Para que Warp Drives e buracos de minhoca existam é necessária a existência de matéria com densidade de energia negativa. Mas, neste caso, pode-se mostrar que a viagem no tempo para o passado é possível. Em outras palavras, podemos construir máquinas do tempo se tivermos a disposição um buraco de minhoca ou uma nave com Warp Drive

Certamente, a possível existência de viagens no tempo para o passado traz questões muito sérias, e complicadas. Paradoxos emergem, como o “paradoxo do avô”. E de acordo com o professor Mendes, o termo “paradoxo”, nesse caso, não é um sinônimo de “estranho” e, sim, de contradição lógica. Portanto, uma teoria física com paradoxos é uma teoria mal formulada. 

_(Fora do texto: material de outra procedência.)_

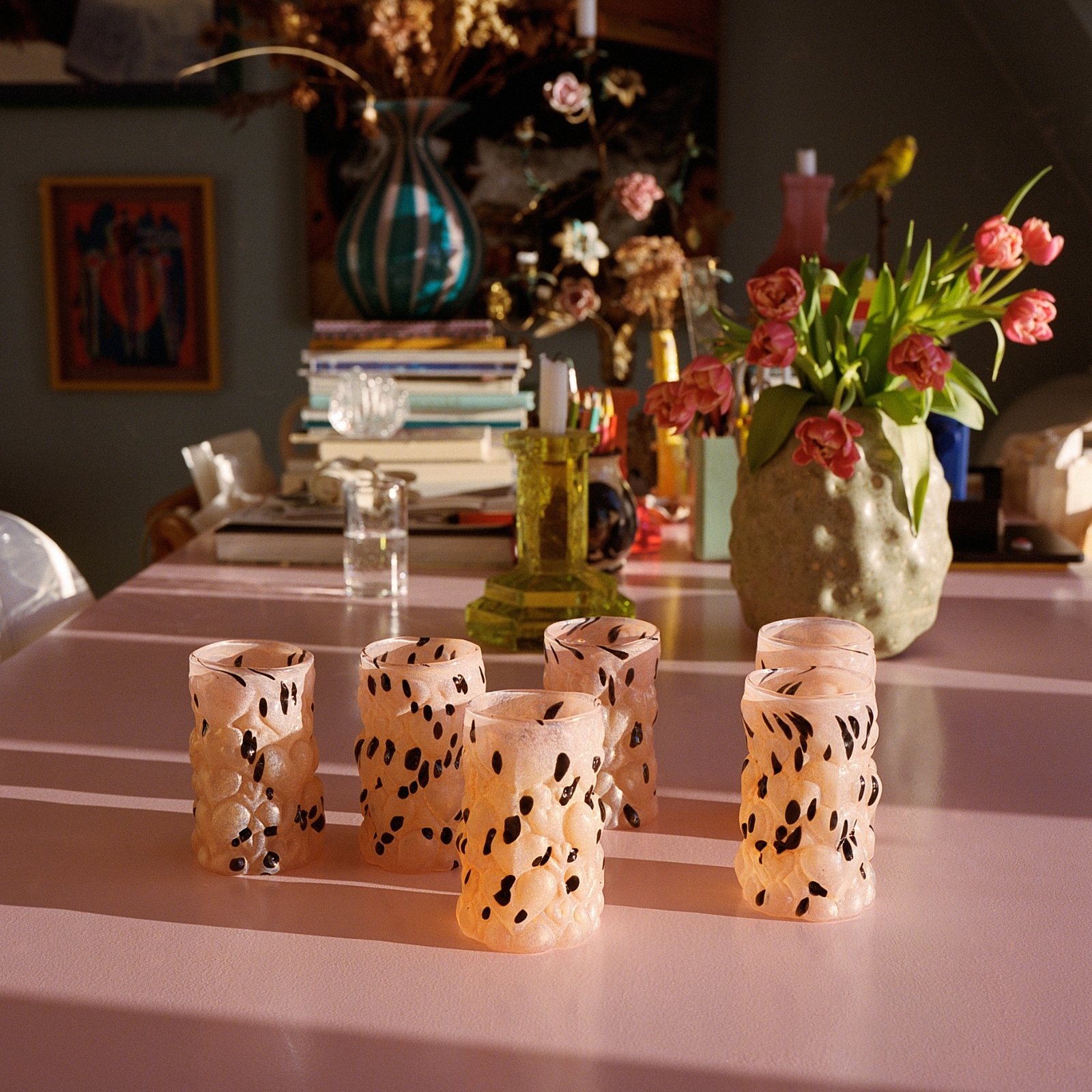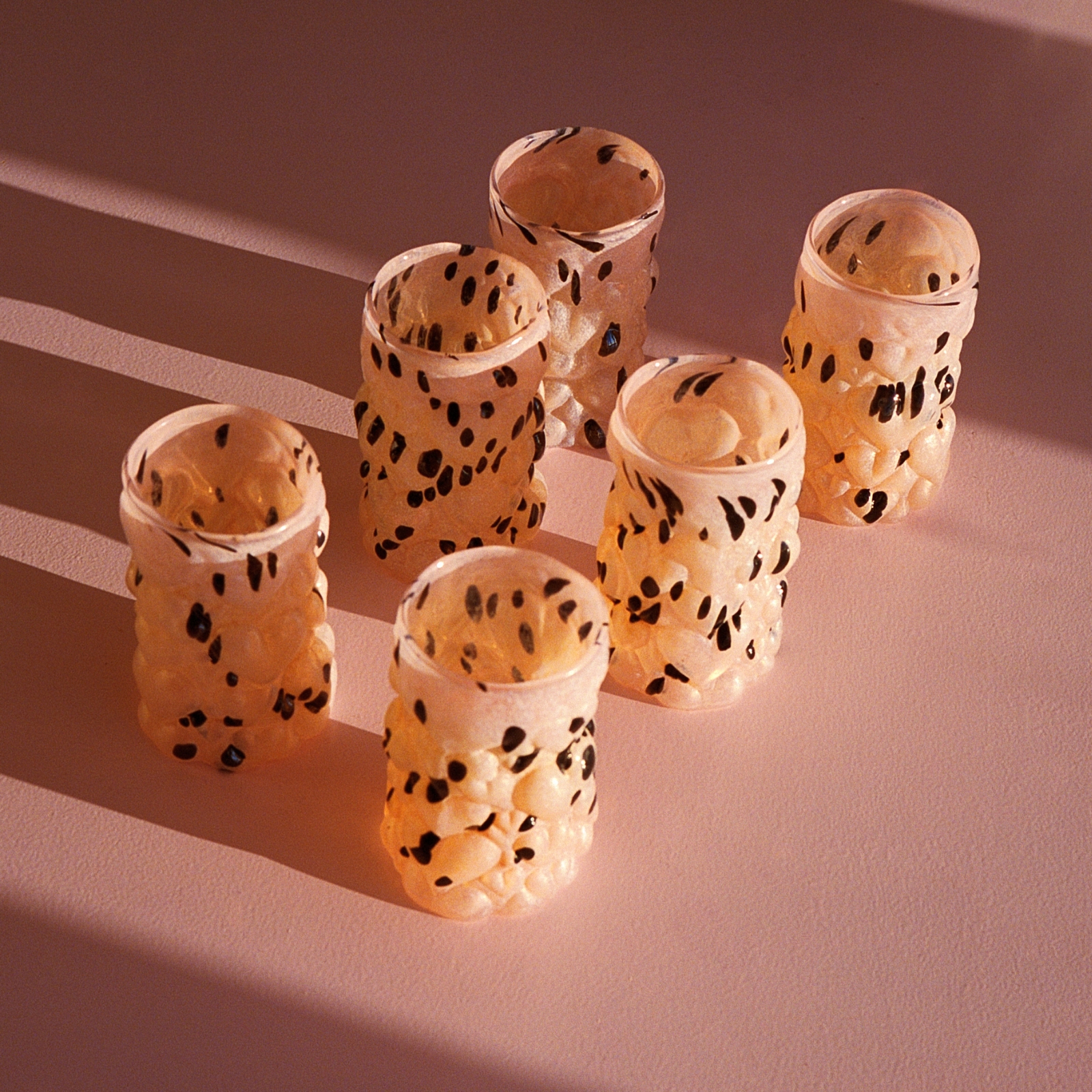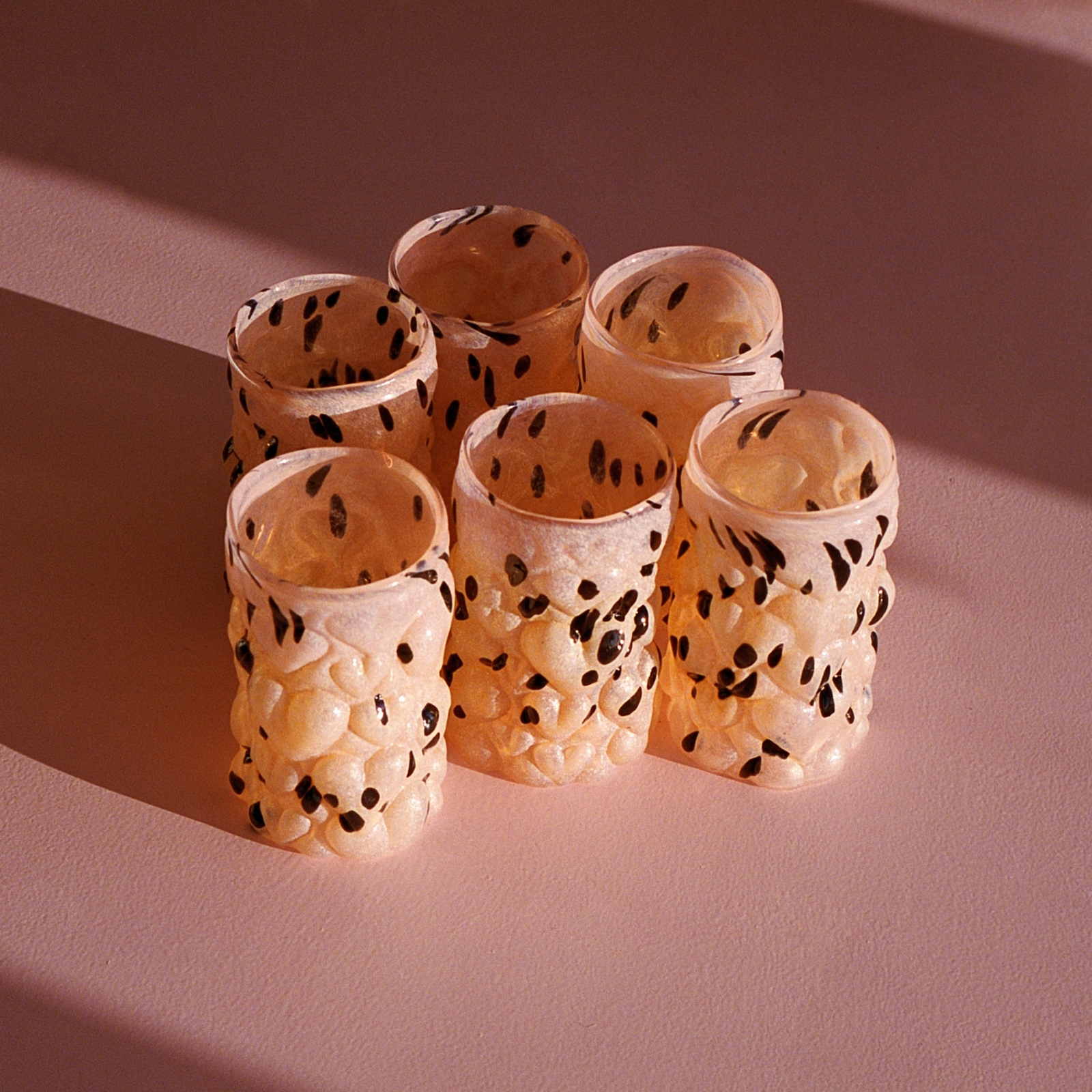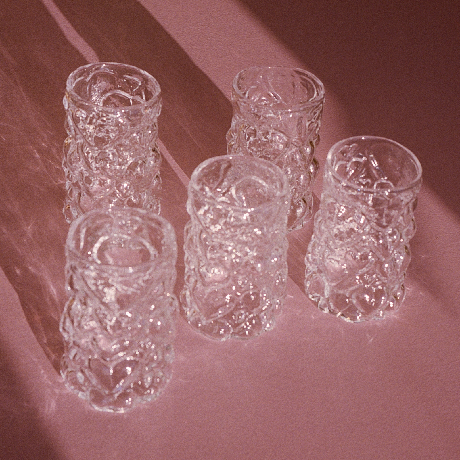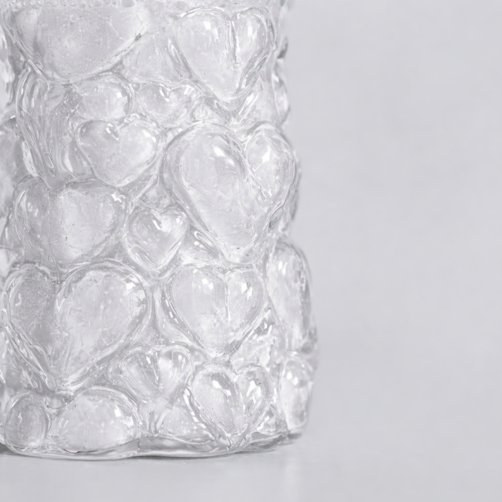Formgivet och blåst av Hanna Hansdotter själv i hyttan på The Glass Factory i Boda Glasbruk, är varje glas ett unikt uttryck för hennes karakteristiska stil. Här möts det barocka och det lekfulla i ett formspråk som vågar ta plats, med bulliga hjärtan som både syns och känns.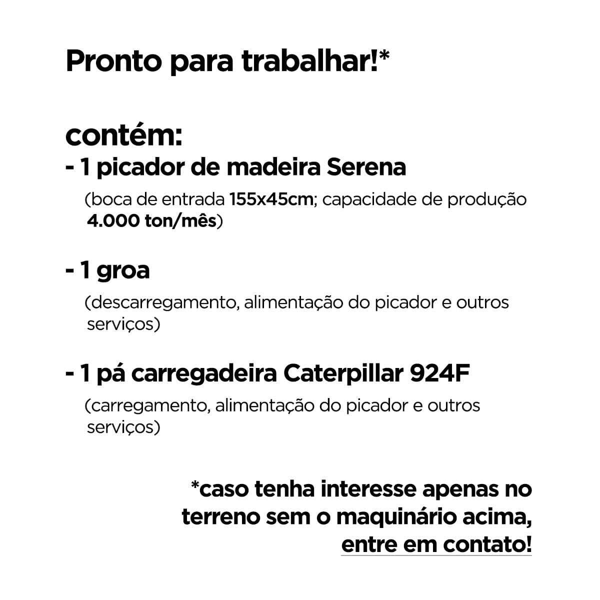 - Picador de madeira Serena (boca 155x45cm; capacidade de produção 4.000 toneladas por mês)
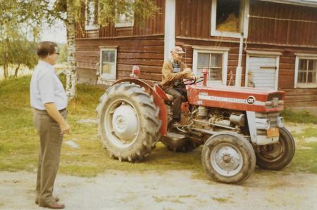 Gunnar på sin Massey Ferguson traktor på brodern Eeros gårdsplan. Svågern Samuel Klemets ser på.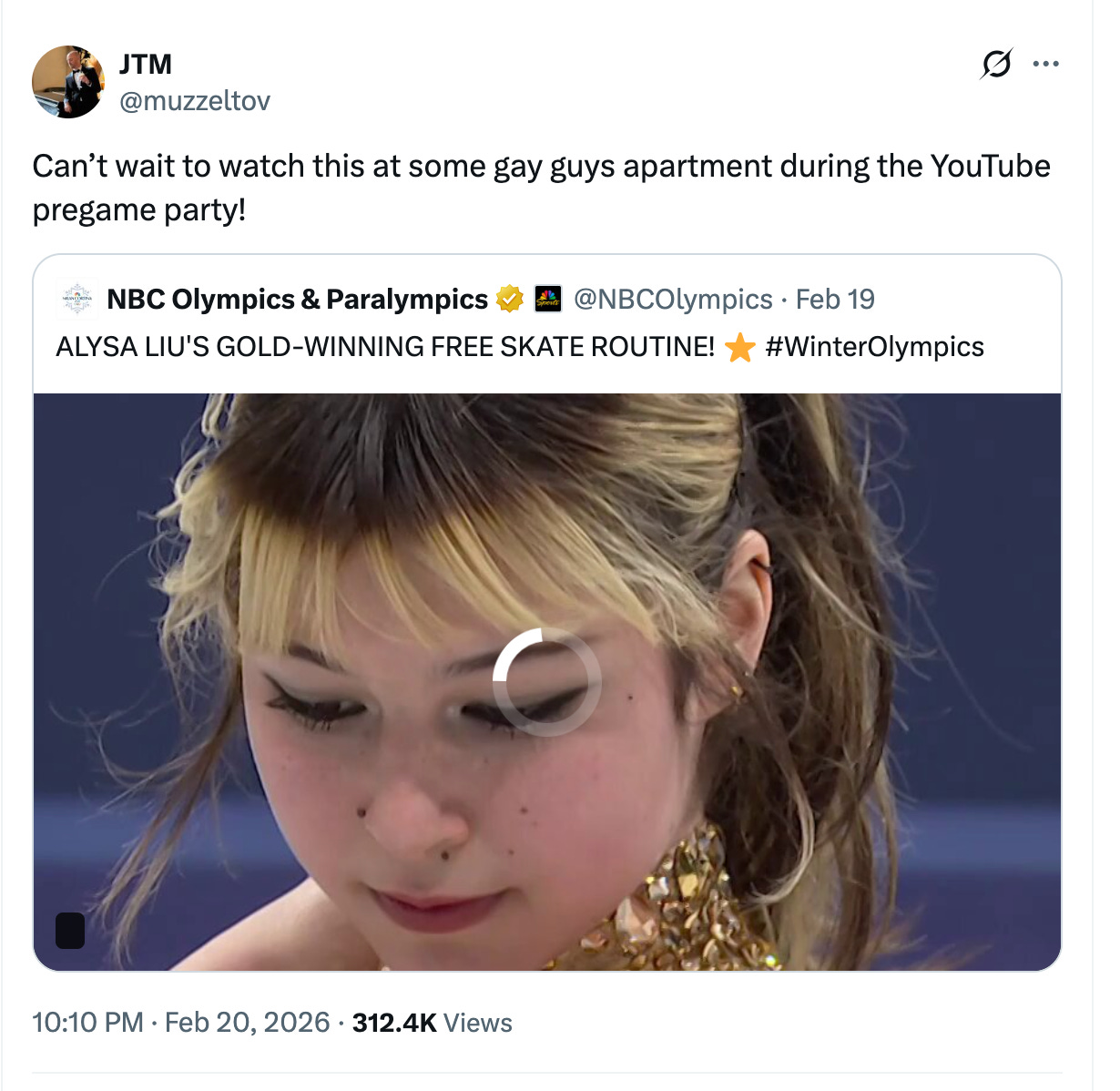 The thing with Alysa Liu is not about millennial burnout or even the importance of fun. Its the importance of “my terms” but only after you have earned it. It’s a good Olympics story that only works because of her previous Olympics appearances. By now, we are very familiar with the image of a too skinny child crying on the podium, scared of their parents and coaches because even though they medeled it won’t be enough. When we first met Alyssa, she was one of those girls, a phenom at 13 but obviously scared to death. For her, the return was enough, and the win was extra. I was happy with the story when it was about returning with fun. Of course the rest of you need the win too. The fun of a sports story is that you need the outside force of winning or losing to complete the narrative. The Olympics awarded her routine, which in turn awards her attitude, which gives us the happy ending we long for. She doesn’t need the win, but we do to tell our story. Just like Iliia needed the loss to make it all a better story in the long run. Also, it just feels like somebody should say that it feels like there might be an outsized reaction to seeing a happy 22-year-old who used to be an abused child when it seems the only two things people are talking about are the Olympics and the Epstein files.

À esquerda, o modelo de Newton, em que o espaço é inalterável e não se relaciona com o tempo; à direita o modelo de Einstein, da Relatividade Geral, em que o espaço-tempo são uma malha interligada e a gravidade é capaz de distorcê-la. Imagem: Reprodução

A existência de viagens no tempo nos forçaria a mudanças significativas na física tal como a conhecemos hoje. E mesmo sendo considerada problemática pela maior parte da comunidade científica, muitos pesquisadores consideram que essa possibilidade não pode ser ignorada e que seu entendimento levaria a muitos avanços na compreensão da natureza.

 

A Ciência

Afinal, o que a ciência pode trazer de respostas e soluções para essas questões? A expectativa é que investigar as suas fronteiras hoje nos leve a uma nova física amanhã, a qual eventualmente nos forneça mecanismos para uma viagem mais simples em grandes distâncias. Por exemplo, a manipulação da flutuação quântica do vácuo (que já é feita de uma forma limitada) pode nos fornecer mais informações sobre sistemas com energia negativa. A investigação dos buracos negros, como o que tiramos a primeira foto, e da relatividade em geral pode nos ensinar mais sobre a estrutura do nosso universo, e eventualmente nos indicar maneiras de “burlar” o limite da velocidade da luz. 

Entretanto, não é necessário a existência de “física exótica” (matéria exótica, tachyons, etc…), dado que, o aperfeiçoamento da tecnologia atual já é suficiente para a exploração de sistemas estelares próximos. Uma vez que a física bem consolidada hoje, com comprovação experimental, já apresenta possibilidades de explorar outros sistemas estelares. E, apesar da tecnologia de acelerar corpos, como uma nave, na velocidade da luz ainda não ser tão desenvolvida, ela é no mínimo compatível com a ciência atual.